Mountain Biking

Bend’s Massimo Larsen has become a top local mountain biker, just like his late father, Steve Larsen – Bend Bulletin

Most of Massimo Larsen’s memories of his father are related to cycling.

That should come as no surprise, as Steve Larsen was a renowned cyclist from Bend and one of the most decorated endurance athletes to ever call Central Oregon home.

Before his tragic, stunning death from a heart attack 10 years ago at just 39, Steve Larsen was believed to be the only American ever to compete in world championships in the six disciplines of road cycling, mountain biking, track cycling, cyclocross, road triathlon and off-road triathlon.

Massimo, who was just 11 when his father died and is now 21, recalls mountain biking with his father at Phil’s Trail and traveling with him when he competed in the Sea Otter Classic bike race in Monterey, California.

“He definitely had a big influence on racing and my love for cycling,” Massimo says of his father. “That’s definitely a big reason why I got into it. Those are probably my best memories, just going to races and seeing all the people he had an impact on. When you’re a kid it’s hard to connect that your dad is a big deal until you go there and see. That was definitely cool.”

Mountain bike racing is a big part of Massimo’s life, but he says he has no plans to make a career of it. The 2016 graduate of Bend’s Summit High School is a senior-to-be at the University of California, Berkeley, majoring in nuclear engineering with plans to earn a doctorate.

He returned to Bend in May after completing his junior year at Cal and promptly won the 28-mile Sisters Stampede mountain bike race.

“I was pretty surprised by that,” Larsen says. “This is my first year racing cross-country since I was 10 or so. I just got a bike in March and I’ve been racing.
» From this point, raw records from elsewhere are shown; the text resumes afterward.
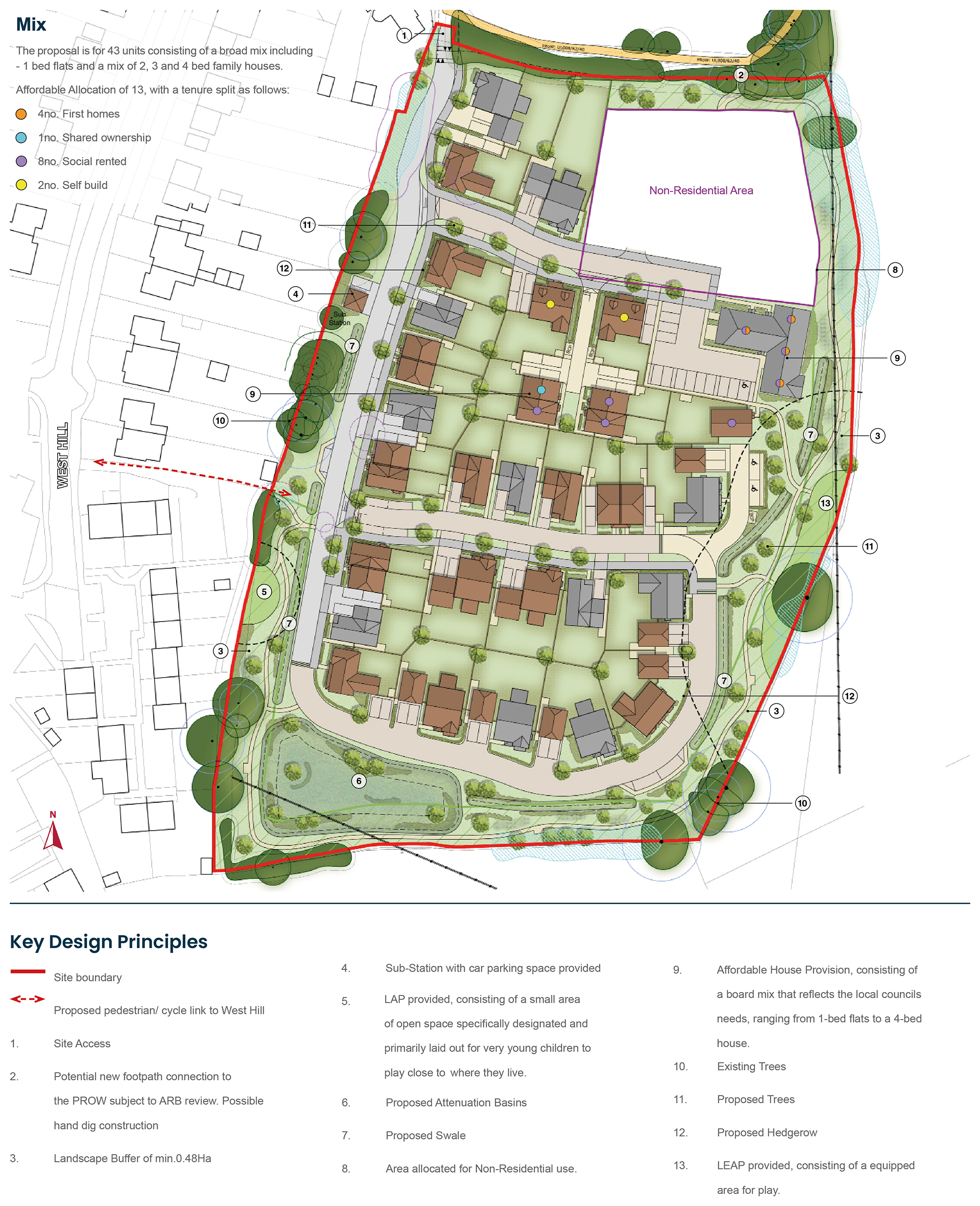 The proposed development site is situated within Elstead, a picturesque village within the Surrey Hills Area of Outstanding Natural Beauty. The site is situated adjacent to West Hill. The location of the allocation minimises the scheme’s impact on the surrounding countryside whilst providing much-needed housing within the village’s established development pattern.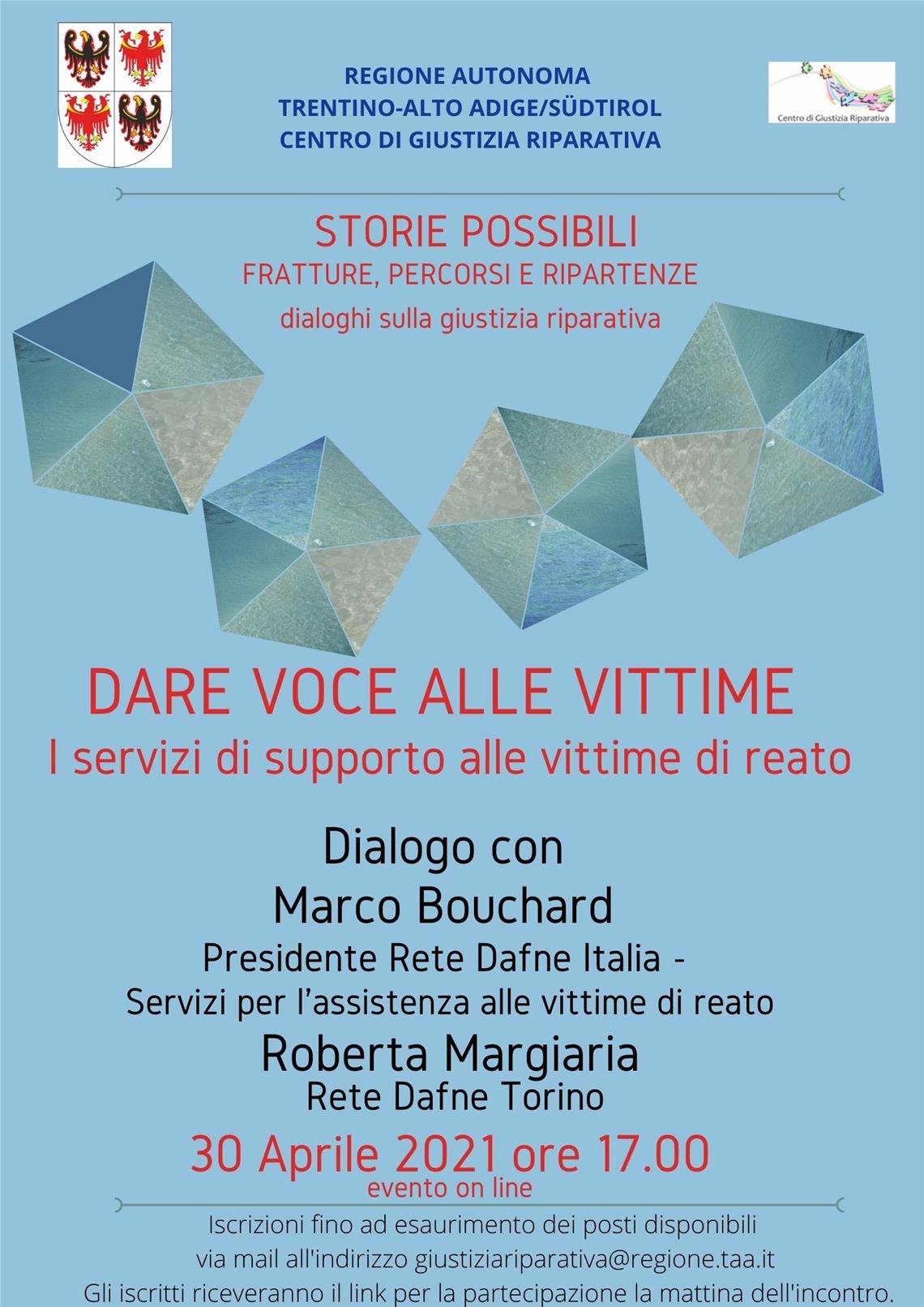 Venerdì 30 aprile, alle 17, si svolgerà il quinto appuntamento online dei “Dialoghi sulla Giustizia riparativa” dal titolo “Dare voce alle vittime" dedicato ai servizi di supporto alle vittime di reato. Prenderanno parte all’incontro online Marco Bouchard, già magistrato, autore, docente, socio fondatore di "Rete Dafne Torino" e presidente di "Rete Dafne Italia" e Roberta Margiaria, psicologa e psicoterapeuta.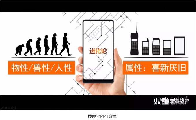 樓仲平又用達爾文的《物種起源》作為案例,呈現(xiàn)了創(chuàng)新問題的底層原理:人類從物性、獸性到人性的層層進化過程當中,形成了喜新厭舊的應變反饋,這是一種自然規(guī)律。而作為組織,在高度變化的環(huán)境下,想要得以續(xù)存就必須要對這種自然規(guī)律進行干預。也就是說創(chuàng)新需要我們?nèi)?chuàng)造新的東西,來不斷滿足人們喜新厭舊的這種自然屬性。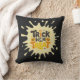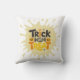 Get your Throw Pillow ready for the spookiest (and sweetest!) night of the year with this fun and festive sweatshirt. The design features bold, playful lettering that reads "TRICK OR TREAT" along with cute illustrations of pumpkins, a little ghost, and candy. The creamy, retro splash background gives it a unique and eye-catching look.

It’s been going well for the most part. I just race for fun and I enjoy it. Cycling is my passion, but it’s not my career choice.”

Carrie Larsen, Steve’s widow and Massimo’s mother, says that Massimo took a break from anything competitive during middle school but got back into mountain biking a few years ago when he went with some friends to the Lair dirt jump area in Bend. He got into downhill mountain biking and then this year began racing cross-country again.

It all started with his father.

“They spent lots of time out there (on the trails),” Carrie Larsen says. “We had a tandem mountain bike and he (Steve) would put Massi on the back and go ride around Phil’s (Trail) with him. He just kind of instilled a strong work ethic. I think (Massimo) has great memories.”

Massimo has an older sister, and his three younger brothers — Gunnar, 14, and 12-year-old twins Matteo and Marco — are also into downhill mountain biking.

Raised in Davis, California, Steve Larsen competed in his first bike race when he was 14 and was mentored by three-time Tour de France champion Greg LeMond. He started his professional cycling career as a road cyclist, racing on the Motorola team in the early 1990s alongside teammate Lance Armstrong.

Larsen switched to mountain biking and won the national cross-country mountain bike championship in 1997 and again in 2000. In 2001 he took up triathlon and qualified for the Ironman world championships in his first attempt.

He was semiretired from competitive endurance sports and selling commercial real estate in Bend when he collapsed during a group training session at Cascade Middle School on May 19, 2009. He died of what the medical examiner called sudden cardiac arrest.

“I don’t remember a whole lot,” Massimo says of his father’s death, which shocked the local endurance sports community. “It was obviously tough and pretty weird.”

Steve Larsen’s memory has lived on and will continue to do so at the Steve Larsen Trailhead at Wanoga Sno-park and the Steve Larsen Trail, a 21⁄2-mile path in the Wanoga network of singletrack west of Bend.

The Central Oregon Trail Alliance and many of Steve’s friends and family, including Massimo, got together to build the trail a couple of years afters his death.

“It’s cool to see the impact he had on the community here,” Massimo says of his father. “And I like riding the trail. When you see the Steve Larsen Trail, it’s hard to not think of your dad.”